Rock Chick Revolution (Rock Chick, #8)

“I’m a bartender, Ren. A gimlet order is rare. But when it comes, it’s women who order it.”


His eyes narrowed slightly. “Know you’re tight with men who drink blood and eat nails, babe, but just to say, what a man drinks does not make that man.”

I didn’t know what to make of that either, except I didn’t like it all that much. Much like I didn’t like his parting shot of weeks ago, also a slur on my family.

“Do you have a problem with my family that I don’t know about?” I asked.

“No, and don’t know how you got that from what I said. What I got a problem with is you giving me shit about what I drink.”

“I wasn’t giving you shit. I was just surprised,” I corrected him.

“Ally, in case you don’t know this already, a man is not gonna take kindly to anyone sayin’ he drinks a woman’s drink or does a womanly anything.”

I had to admit, he had a point. And I had to admit, I’d done that. I also had to admit, that was a wee bit uncool.

Still, he didn’t have to get so irritable about it. I mean, I was very well acquainted with his manhood and his ability to utilize it with exceptional proficiency. I’d communicated learning this knowledge by having orgasms the likes of which he could not mistake as fake. Therefore, I’d hardly question it.

Whatever.

Seriously time to move on. I shouldn’t have said yes to his “minute.” I shouldn’t give a shit about what he thought about me. I didn’t anyone else. Why him?

Instead of pondering that question now, I decided to do it later and asked, “I see you stopped by to spread cheer, but I’m in the middle of something. So maybe we can wrap this up so I can get back to it?”

His eyes looked to my untouched martini, my dress, my legs, my ass in the stool and around the restaurant before coming back to me. “What are you in the middle of?”

“Something,” I replied. “Now is there something you needed?”

He studied me, again did his scanning thing of me and our surroundings, then he looked back at my face and stated straight out, “I fucked this up.”

That was a surprise statement so my head cocked to the side. “What?”

His gimlet arrived, taking his attention again. He told the bartender to put it on his table’s tab and turned again to me.

“I didn’t come over here to be a dick. I came over here to apologize for being a dick.”

Now that…

That threw me.

The men of my acquaintance didn’t apologize. They admitted no wrong verbally and instead did things (maybe) to make amends physically.

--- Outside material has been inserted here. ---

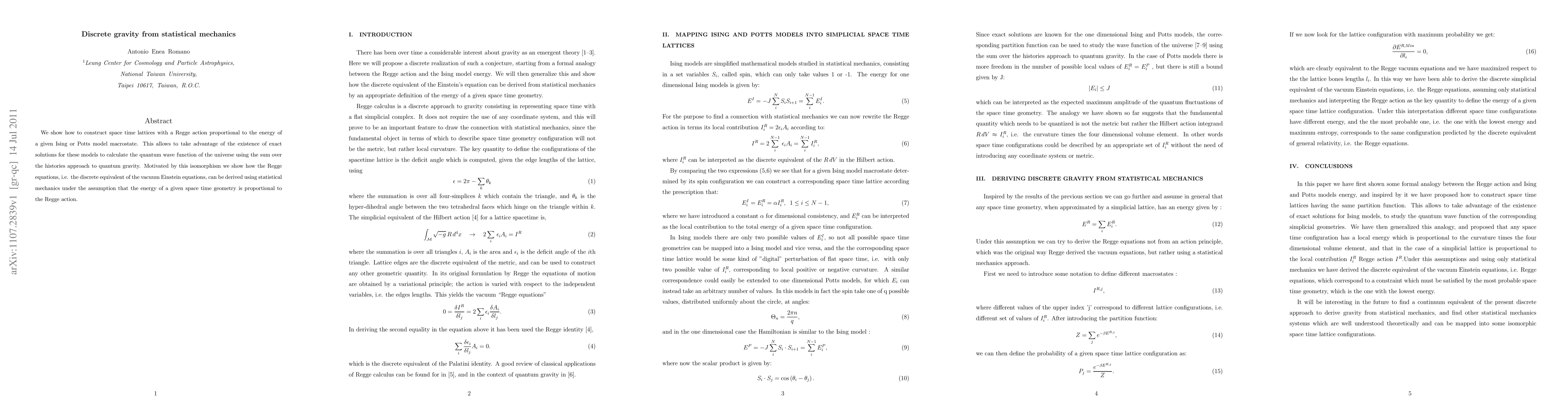 This paper constructs space-time lattices using a Regge action linked to the energy of Ising or Potts models, enabling the calculation of the universe's quantum wave function via exact statistical mechanics solutions. It demonstrates the derivation of the Regge equations, a discrete form of Einstein's equations, from statistical mechanics principles.

Of course, most of that was the Hot Bunch dealing with their Rock Chicks so I had not experienced it personally. Still, I’d heard about it. All about it. And sometimes I’d witnessed it. But I’d never experienced it.

I said nothing.

Ren kept talking.

“I had a good time with you. You’re funny. That whole thing you got goin’ on.” He flipped a hand out to me, my guess his flip indicating all that was me. “It’s good. It works for you. It works in a big way for me. You’re fuckin’ gorgeous. You’re a fantastic fucking lay. It was a good night. I got pissed you took off when I wanted more. Came to your house, acted like a dick and you didn’t deserve that shit. No excuse for it. But you gotta know, I felt like an asshole because I was an asshole. I’m glad I had the chance to tell you I know I was an asshole.”

On that, as I stared at him, lips parted, he grabbed his drink and slid off the stool.

Looking down at me, his gaze moving over my face and hair, he finally caught my eyes and said quietly, “And you look good tonight, honey. Beautiful.”

Still staring at him, lips parted, he turned and walked away.

It took me a while to stop focusing on all that he said, and the vision of him burned into my eyeballs walking away (he seriously could rock a suit), in order to pull myself together.

But I was Ally Nightingale, so pull myself together I did.

I turned back to Zach, but grabbed my martini on the go. I wasn’t a martini girl. More like tequila. Though I was like Ren, I enjoyed booze and could drink anything. But the martini was what I had and I needed to wash what just happened away, at least for now, so it would have to do.

Fifteen minutes later, Zach got up to go to the bathroom.

Thirty seconds after that, I followed him.

I didn’t have to do the tipsy act when I hit the men’s room because no one was visible when I walked in. But there were shoes under a stall, standing sideways so not using the facilities, just using the stall for privacy to hide a nasty habit.

Loser.

I opened the stall next to Zach’s, stepped up on the toilet, balanced and looked over the divider.

He had a vial in his hand and a spoon to his nose.

“Hey, Zach,” I greeted.

He jumped and his vial of cocaine fell into the toilet.

I swallowed a laugh.

His head snapped back to look up at me. “Ally, what the fuck?”